▶ **Instructions to follow**
Search the entries below for "Эта цепь заменяет". Give that line and all the lines after it again, exactly, through the last, without pictures.

▶ **Source material**
▼
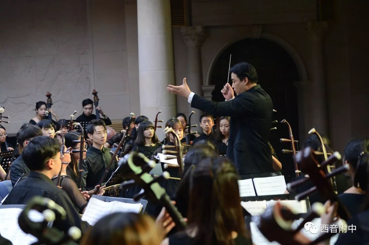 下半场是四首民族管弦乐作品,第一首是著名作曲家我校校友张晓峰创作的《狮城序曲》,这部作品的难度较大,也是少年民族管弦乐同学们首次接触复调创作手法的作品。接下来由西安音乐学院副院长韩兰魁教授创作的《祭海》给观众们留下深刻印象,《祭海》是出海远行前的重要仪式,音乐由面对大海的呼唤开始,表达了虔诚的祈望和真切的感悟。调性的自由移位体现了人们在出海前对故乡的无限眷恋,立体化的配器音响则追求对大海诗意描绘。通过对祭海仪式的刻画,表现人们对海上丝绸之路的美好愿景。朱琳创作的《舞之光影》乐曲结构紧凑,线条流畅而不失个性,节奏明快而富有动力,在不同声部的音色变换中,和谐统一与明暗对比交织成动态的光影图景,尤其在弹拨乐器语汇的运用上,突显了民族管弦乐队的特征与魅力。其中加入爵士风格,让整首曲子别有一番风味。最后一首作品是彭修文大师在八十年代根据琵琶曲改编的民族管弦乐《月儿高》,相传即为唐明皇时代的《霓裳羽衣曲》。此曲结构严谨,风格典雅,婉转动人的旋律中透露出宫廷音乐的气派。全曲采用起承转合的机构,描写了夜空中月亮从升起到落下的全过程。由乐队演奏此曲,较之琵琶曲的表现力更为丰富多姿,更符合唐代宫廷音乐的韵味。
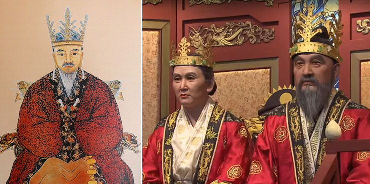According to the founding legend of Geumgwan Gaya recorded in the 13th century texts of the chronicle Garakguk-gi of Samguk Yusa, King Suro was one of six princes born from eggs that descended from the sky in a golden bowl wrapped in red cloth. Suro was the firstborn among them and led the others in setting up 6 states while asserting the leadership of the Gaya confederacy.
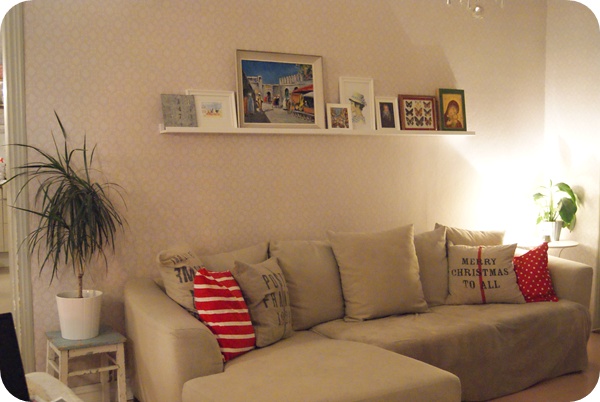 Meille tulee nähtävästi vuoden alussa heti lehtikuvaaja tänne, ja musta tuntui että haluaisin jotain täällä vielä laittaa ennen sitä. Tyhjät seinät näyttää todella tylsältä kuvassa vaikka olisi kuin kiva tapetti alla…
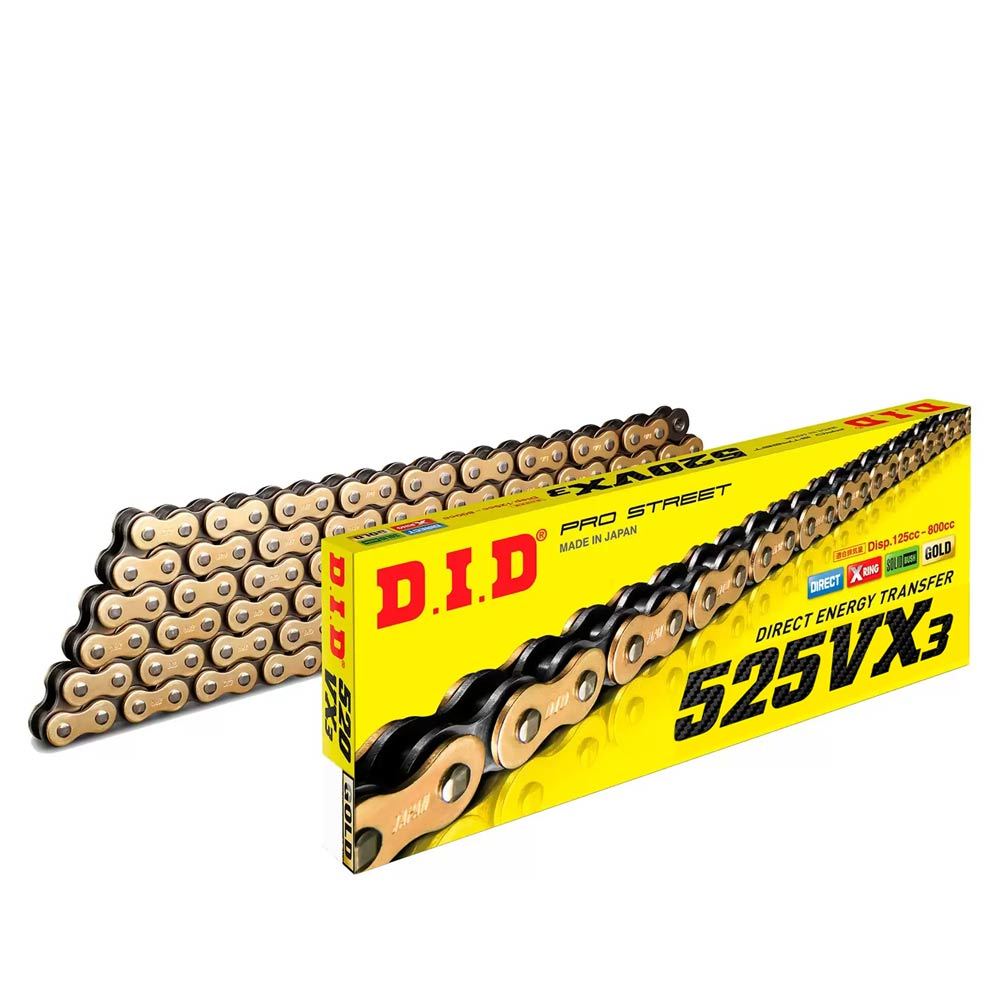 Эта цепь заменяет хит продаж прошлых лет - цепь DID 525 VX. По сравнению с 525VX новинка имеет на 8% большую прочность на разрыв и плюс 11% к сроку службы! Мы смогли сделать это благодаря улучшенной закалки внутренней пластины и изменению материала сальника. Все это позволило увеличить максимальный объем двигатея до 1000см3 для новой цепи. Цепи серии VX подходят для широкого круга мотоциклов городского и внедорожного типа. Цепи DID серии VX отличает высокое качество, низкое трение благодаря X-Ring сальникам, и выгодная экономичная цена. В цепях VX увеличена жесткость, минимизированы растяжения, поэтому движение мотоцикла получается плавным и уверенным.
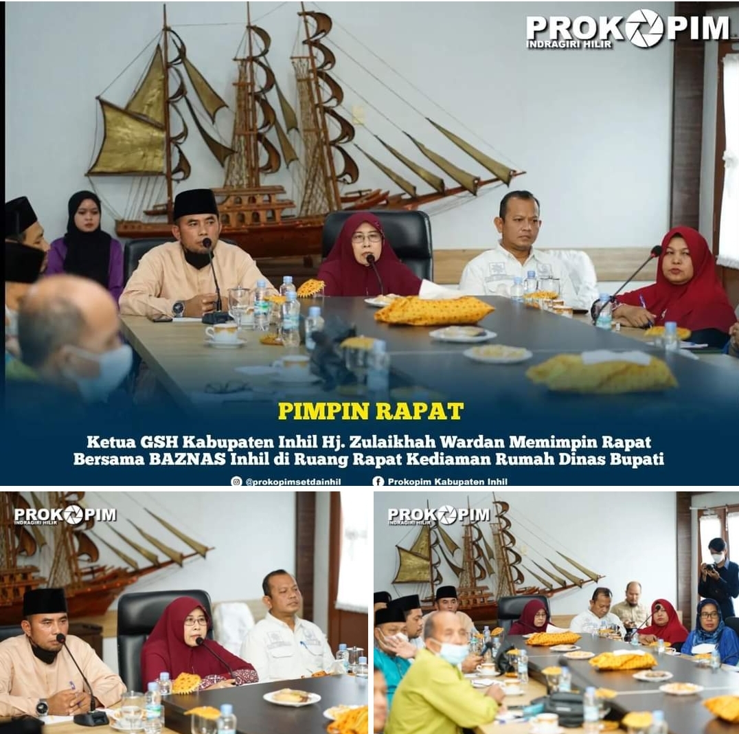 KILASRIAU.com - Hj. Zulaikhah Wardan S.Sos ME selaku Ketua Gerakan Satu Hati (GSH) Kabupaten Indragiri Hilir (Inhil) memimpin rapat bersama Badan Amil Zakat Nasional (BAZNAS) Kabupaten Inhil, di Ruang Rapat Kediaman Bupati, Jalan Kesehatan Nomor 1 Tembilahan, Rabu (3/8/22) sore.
▲
▶ **Output of the task**
 Эта цепь заменяет хит продаж прошлых лет - цепь DID 525 VX. По сравнению с 525VX новинка имеет на 8% большую прочность на разрыв и плюс 11% к сроку службы! Мы смогли сделать это благодаря улучшенной закалки внутренней пластины и изменению материала сальника. Все это позволило увеличить максимальный объем двигатея до 1000см3 для новой цепи. Цепи серии VX подходят для широкого круга мотоциклов городского и внедорожного типа. Цепи DID серии VX отличает высокое качество, низкое трение благодаря X-Ring сальникам, и выгодная экономичная цена. В цепях VX увеличена жесткость, минимизированы растяжения, поэтому движение мотоцикла получается плавным и уверенным.
 KILASRIAU.com - Hj. Zulaikhah Wardan S.Sos ME selaku Ketua Gerakan Satu Hati (GSH) Kabupaten Indragiri Hilir (Inhil) memimpin rapat bersama Badan Amil Zakat Nasional (BAZNAS) Kabupaten Inhil, di Ruang Rapat Kediaman Bupati, Jalan Kesehatan Nomor 1 Tembilahan, Rabu (3/8/22) sore.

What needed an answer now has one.